▶ WORKING DATA:
......

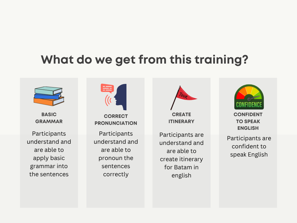 - Participants understand and can spell their name, and name of popular destinations in Batam island
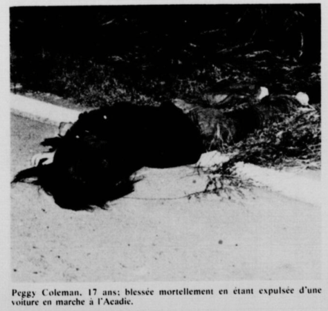 Deux AméricainesUn autre attentat double fit une vicime et une blessée très grave il y a plus d’un an. Deux jeunes Américaines de la Californie visitant le Québec sur le pouce. Peggy Coleman, 17 ans, et Anne Jones, 18 ans, montaient bord d’une voiture à Saint Hubert. Un peu plus tard elles étaient éjectées de cette voiture en marche pres de l’Acadie. La jeune Coleman était tuee sur le coup et sa compagne grièvement blessée. Cette dernière avait perdu tout souvenir de l’aventure et fut longuement hospitalisée. Elle était de retour à Montreal récemment pour tenter d’identifier ses assaillants dans les filières de la police locale ou de la SQ. On n’a pas encore donné les résultats de ces recherches.
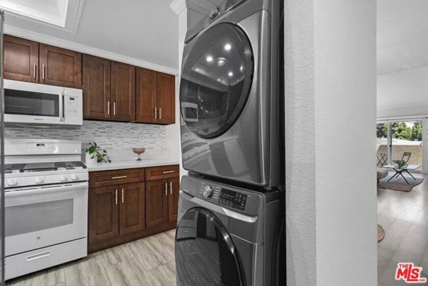 Come see this beautifully updated penthouse unit in Del Rey! This unit features two bedrooms and two bathrooms, an open floor plan, vaulted ceilings, crown molding, updated flooring, and in-unit laundry. The large primary bedroom includes a walk-in closet, ensuite bathroom, vaulted ceiling, and balcony access. The kitchen has modern stainless steel appliances, quartz countertops, and lots of cabinets. This stunning property offers peace of mind with a fully installed SimpliSafe security system, ensuring top-notch protection and convenience. Additional storage is secured and lofted in the unit, and storage closets are in the secured parking area. This unit features gated parking with the added convenience of two reserved tandem spaces, ensuring ample parking for residents. The HOA includes water, trash, building maintenance, and earthquake insurance. This location is unbeatable with easy access to the 405 and 10 freeways, public transportation, LAX, DTLA, and UCLA. Only minutes away from entertaining hot spots in Marina Del Rey, Culver City, and Venice Beach, don't miss your chance to see this beautiful home!
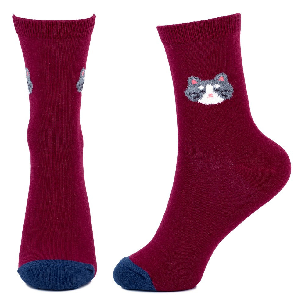Paws-itively adorable, these burgundy cat socks are the purr-fect addition to any outfit. Featuring a cute cat face design, these ladies' socks are both cozy and playful. Step out in style and show off your love for felines with these quirky socks. Meow-tastic!
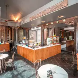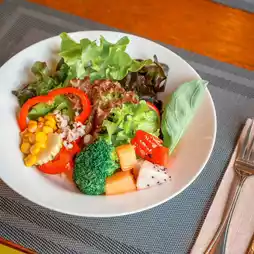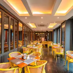 It is located in front of the hotel. It is a restaurant and part of the hotel.
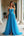 Uma linha azul sem alças plissado longo vestido de baile com fenda

......

Produce an exact copy of each line of data, skipping embedded images.

▶ RESPONSE AREA:
 - Participants understand and can spell their name, and name of popular destinations in Batam island
 Deux AméricainesUn autre attentat double fit une vicime et une blessée très grave il y a plus d’un an. Deux jeunes Américaines de la Californie visitant le Québec sur le pouce. Peggy Coleman, 17 ans, et Anne Jones, 18 ans, montaient bord d’une voiture à Saint Hubert. Un peu plus tard elles étaient éjectées de cette voiture en marche pres de l’Acadie. La jeune Coleman était tuee sur le coup et sa compagne grièvement blessée. Cette dernière avait perdu tout souvenir de l’aventure et fut longuement hospitalisée. Elle était de retour à Montreal récemment pour tenter d’identifier ses assaillants dans les filières de la police locale ou de la SQ. On n’a pas encore donné les résultats de ces recherches.
 Come see this beautifully updated penthouse unit in Del Rey! This unit features two bedrooms and two bathrooms, an open floor plan, vaulted ceilings, crown molding, updated flooring, and in-unit laundry. The large primary bedroom includes a walk-in closet, ensuite bathroom, vaulted ceiling, and balcony access. The kitchen has modern stainless steel appliances, quartz countertops, and lots of cabinets. This stunning property offers peace of mind with a fully installed SimpliSafe security system, ensuring top-notch protection and convenience. Additional storage is secured and lofted in the unit, and storage closets are in the secured parking area. This unit features gated parking with the added convenience of two reserved tandem spaces, ensuring ample parking for residents. The HOA includes water, trash, building maintenance, and earthquake insurance. This location is unbeatable with easy access to the 405 and 10 freeways, public transportation, LAX, DTLA, and UCLA. Only minutes away from entertaining hot spots in Marina Del Rey, Culver City, and Venice Beach, don't miss your chance to see this beautiful home!
Paws-itively adorable, these burgundy cat socks are the purr-fect addition to any outfit. Featuring a cute cat face design, these ladies' socks are both cozy and playful. Step out in style and show off your love for felines with these quirky socks. Meow-tastic!
 It is located in front of the hotel. It is a restaurant and part of the hotel.
 Uma linha azul sem alças plissado longo vestido de baile com fenda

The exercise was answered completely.